Ellis J M, Folkers K, Levy M, Shizukuishi S, Lewandowski J, Nishii S, Schubert H A, Ulrich R
Proc Natl Acad Sci U S A. 1982 Dec;79(23):7494-8. doi: 10.1073/pnas.79.23.7494.
The specific activities and percentage deficiencies of the glutamic oxaloacetic transaminase of erythrocytes (EGOT) were determined for patients with carpal tunnel syndrome (CTS) diagnosed by clinical examination and electrical conduction data; the EGOT data revealed a severe deficiency of vitamin B-6. After double-blind treatment with pyridoxine and placebo, two physicians identified those receiving pyridoxine (clinically improved) and those receiving placebo (did not improve) without error, P less than 0.0078. Correcting a deficiency of the coenzyme at receptors of existing molecules of the apoenzyme appears to take place within days; correction of the deficiency in the number of molecules of the transaminase takes place over 10-12 weeks. The clinical response, appraised by the diminution of the symptoms of CTS, was correlated only with the restored levels of the transaminase which presumably results from a translational long-term increase in the number of molecules of EGOT by a mechanism activated by correcting a deficiency of pyridoxal 5'-phosphate. Apparent Km values of EGOT were identical for groups of patients with CTS and others without CTS but with identical specific activities, indicating that CTS is a primary deficiency of vitamin B-6 rather than one of a dependency state. Clinical improvement of the syndrome with pyridoxine therapy may frequently obviate hand surgery.

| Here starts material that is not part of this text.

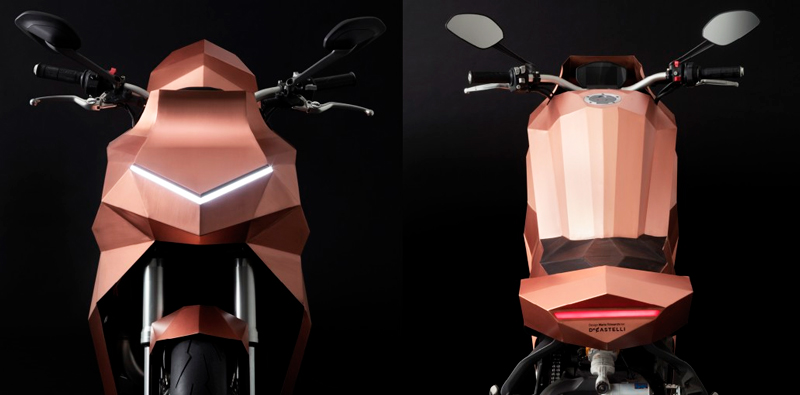 Según el inventor comenta, “se trata de desafiar la percepción de la vida útil de los objetos, es decir, la moto aprovechará la oxidación natural del cobre y su cuerpo se transformará de dorado a verde, creando así una experiencia estética única”.
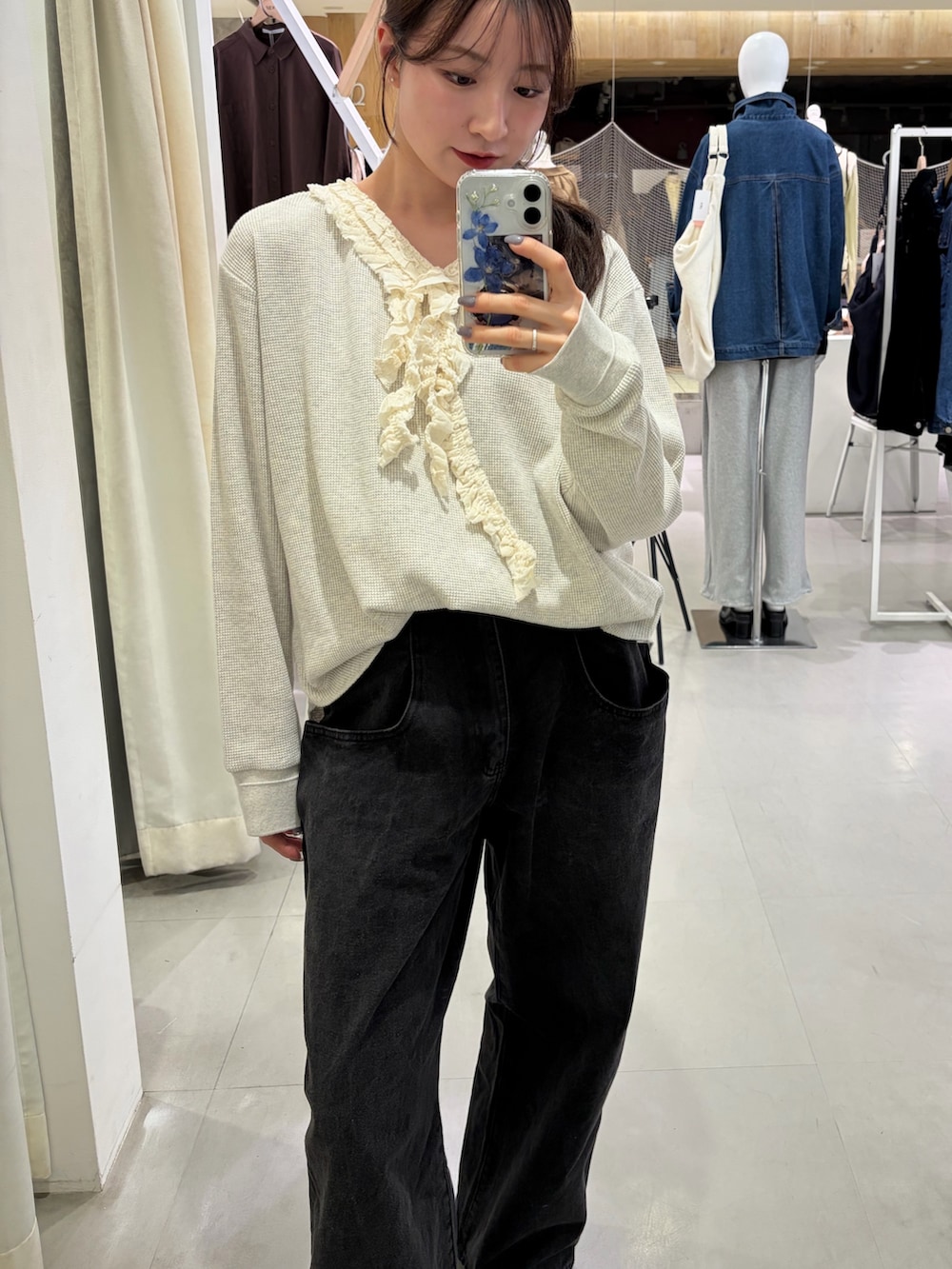 トップスは柔らかくて着心地がよく、レースが顔まわりを華やかに見せてくれます🫰デニム合わせで甘すぎず普段使いしやすいです🎶

通过临床检查和电传导数据确诊为腕管综合征(CTS)的患者,测定了其红细胞谷草转氨酶(EGOT)的比活性和百分缺陷率;EGOT数据显示维生素B-6严重缺乏。在使用吡哆醇和安慰剂进行双盲治疗后,两位医生准确无误地识别出接受吡哆醇治疗(临床症状改善)和接受安慰剂治疗(症状未改善)的患者,P值小于0.0078。在现有脱辅酶分子的受体处纠正辅酶缺乏似乎在数天内即可发生;转氨酶分子数量的缺乏纠正则需要10至12周。通过CTS症状减轻来评估的临床反应,仅与转氨酶水平的恢复相关,这可能是由于通过纠正磷酸吡哆醛缺乏而激活的机制使EGOT分子数量长期翻译性增加所致。CTS患者组和其他无CTS但比活性相同的患者组的EGOT表观Km值相同,表明CTS是维生素B-6的原发性缺乏而非依赖性状态之一。吡哆醇治疗该综合征的临床改善可能常常可避免手部手术。